In the great banqueting hall everything was in order for the feast. The
nobles of Ireland with their winsome consorts, the learned and artistic
professions represented by the pick of their time were in place. The
Ard-Ri, Corm of the Hundred Battles, had taken his place on the raised
dais which commanded the whole of that vast hall. At his Right hand his
son Art, to be afterwards as famous as his famous father, took his seat,
and on his left Goll mor mac Morna, chief of the Fianna of Ireland, had
the seat of honour. As the High King took his place he could see every
person who was noted in the land for any reason. He would know every one
who was present, for the fame of all men is sealed at Tara, and behind
his chair a herald stood to tell anything the king might not know or had
forgotten.
Conn gave the signal and his guests seated themselves.
The time had come for the squires to take their stations behind their
masters and mistresses. But, for the moment, the great room was seated,
and the doors were held to allow a moment of respect to pass before the
servers and squires came in.
Looking over his guests, Conn observed that a young man was yet
standing.
"There is a gentleman," he murmured, "for whom no seat has been found."
We may be sure that the Master of the Banquet blushed at that.
"And," the king continued, "I do not seem to know the young man."
Nor did his herald, nor did the unfortunate Master, nor did anybody; for
the eyes of all were now turned where the king's went.
"Give me my horn," said the gracious monarch.
The horn of state was put to his hand.
"Young gentleman," he called to the stranger, "I wish to drink to your
health and to welcome you to Tara."
The young man came forward then, greater-shouldered than any mighty
man of that gathering, longer and cleaner limbed, with his fair curls
dancing about his beardless face. The king put the great horn into his
hand.
"Tell me your name," he commanded gently.

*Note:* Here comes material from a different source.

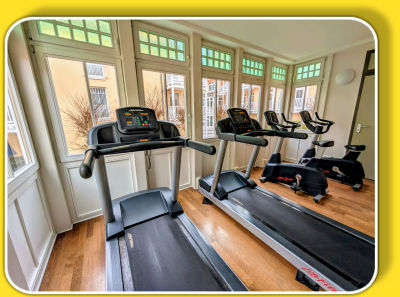 Sportlich Aktive haben im Dünenschloss außerdem die Möglichkeit, im großzügigen, gut ausgestatteten Fitnessraum (u.a. Crosstrainer, Ergometer, Laufband) zu trainieren. Die Nutzung ist für unsere Gäste kostenfrei!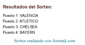 Lista de participantes: CHELSEA, BAYERN, VALENCIA, ATLETICO.

"I am Fionn, the son of Uail, the son of Baiscne," said the youth.
And at that saying a touch as of lightning went through the gathering
so that each person quivered, and the son of the great, murdered captain
looked by the king's shoulder into the twinkling eye of Goll. But no
word was uttered, no movement made except the movement and the utterance
of the Ard-Ri'.
"You are the son of a friend," said the great-hearted monarch. "You
shall have the seat of a friend."
He placed Fionn at the right hand of his own son Art.
CHAPTER XII
It is to be known that on the night of the Feast of Samhain the doors
separating this world and the next one are opened, and the inhabitants
of either world can leave their respective spheres and appear in the
world of the other beings.
Now there was a grandson to the Dagda Mor, the Lord of the Underworld,
and he was named Aillen mac Midna, out of Shi' Finnachy, and this Aillen
bore an implacable enmity to Tara and the Ard-Ri'.
As well as being monarch of Ireland her High King was chief of the
people learned in magic, and it is possible that at some time Conn had
adventured into Tir na n-Og, the Land of the Young, and had done some
deed or misdeed in Aillen's lordship or in his family. It must have been
an ill deed in truth, for it was in a very rage of revenge that Aillen
came yearly at the permitted time to ravage Tara.

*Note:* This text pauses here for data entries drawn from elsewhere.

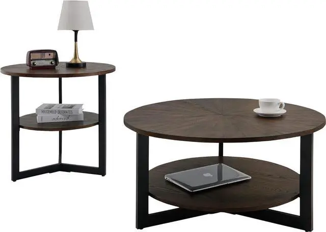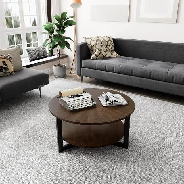 STURDY AND STABLE LIVING ROOM TABLE: Made of solid wood and durable thick metal leg 2" width. The " Y" shape legs make this circular coffee table durable enough. Stable to support stuff on the table(Loading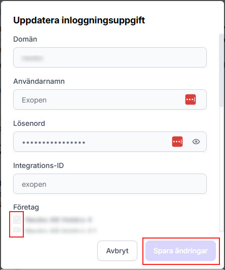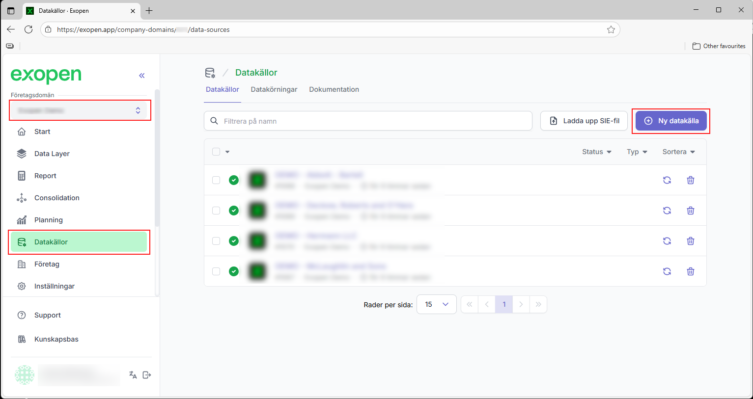 Börja med att logga in i portalen (https://exopen.app/), välj korrekt bolag under "Företagsdomän".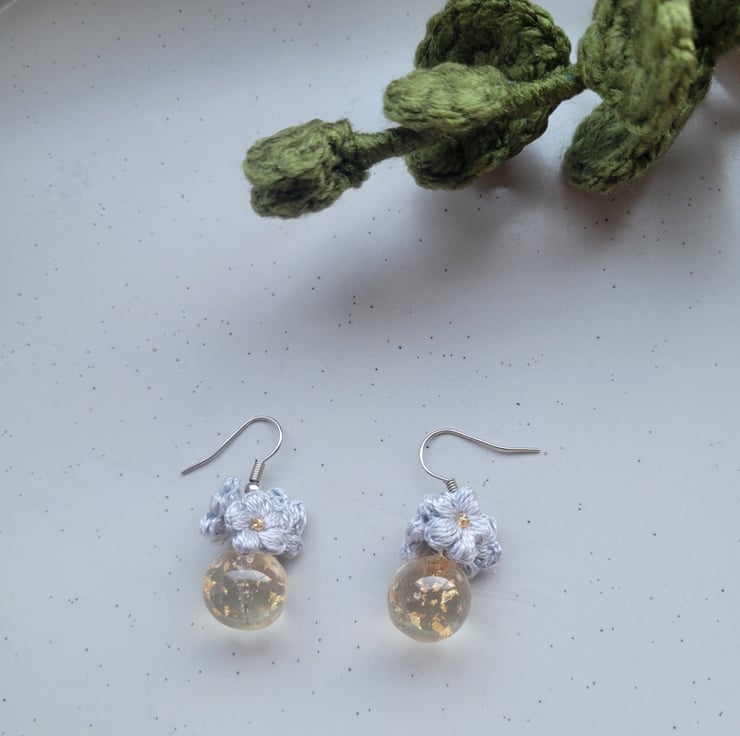 Moonpetal Grey Crochet Flower & Gold Flake Resin Earrings

Nine times he had come on this mission of revenge, but it is not to be
supposed that he could actually destroy the holy city: the Ard-Ri'
and magicians could prevent that, but he could yet do a damage so
considerable that it was worth Conn's while to take special extra
precautions against him, including the precaution of chance.
Therefore, when the feast was over and the banquet had commenced, the
Hundred Fighter stood from his throne and looked over his assembled
people.
The Chain of Silence was shaken by the attendant whose duty and honour
was the Silver Chain, and at that delicate chime the halt went silent,
and a general wonder ensued as to what matter the High King would submit
to his people.
"Friends and heroes," said Conn, "Aillen, the son of Midna, will come
to-night from Slieve Fuaid with occult, terrible fire against our
city. Is there among you one who loves Tara and the king, and who will
undertake our defence against that being?"
He spoke in silence, and when he had finished he listened to the same
silence, but it was now deep, ominous, agonized. Each man glanced
uneasily on his neighbour and then stared at his wine-cup or his
fingers. The hearts of young men went hot for a gallant moment and were
chilled in the succeeding one, for they had all heard of Aillen out of
Shl Finnachy in the north. The lesser gentlemen looked under their brows
at the greater champions, and these peered furtively at the greatest of
all. Art og mac Morna of the Hard Strokes fell to biting his fingers,
Cona'n the Swearer and Garra mac Morna grumbled irritably to each other
and at their neighbours, even Caelte, the son of Rona'n, looked down
into his own lap, and Goll Mor sipped at his wine without any twinkle
in his eye. A horrid embarrassment came into the great hall, and as the
High King stood in that palpitating silence his noble face changed
from kindly to grave and from that to a terrible sternness. In another
moment, to the undying shame of every person present, he would have been
compelled to lift his own challenge and declare himself the champion of
Tara for that night, but the shame that was on the faces of his people
would remain in the heart of their king. Goll's merry mind would help
him to forget, but even his heart would be wrung by a memory that he
would not dare to face. It was at that terrible moment that Fionn stood
up.
"What," said he, "will be given to the man who undertakes this defence?"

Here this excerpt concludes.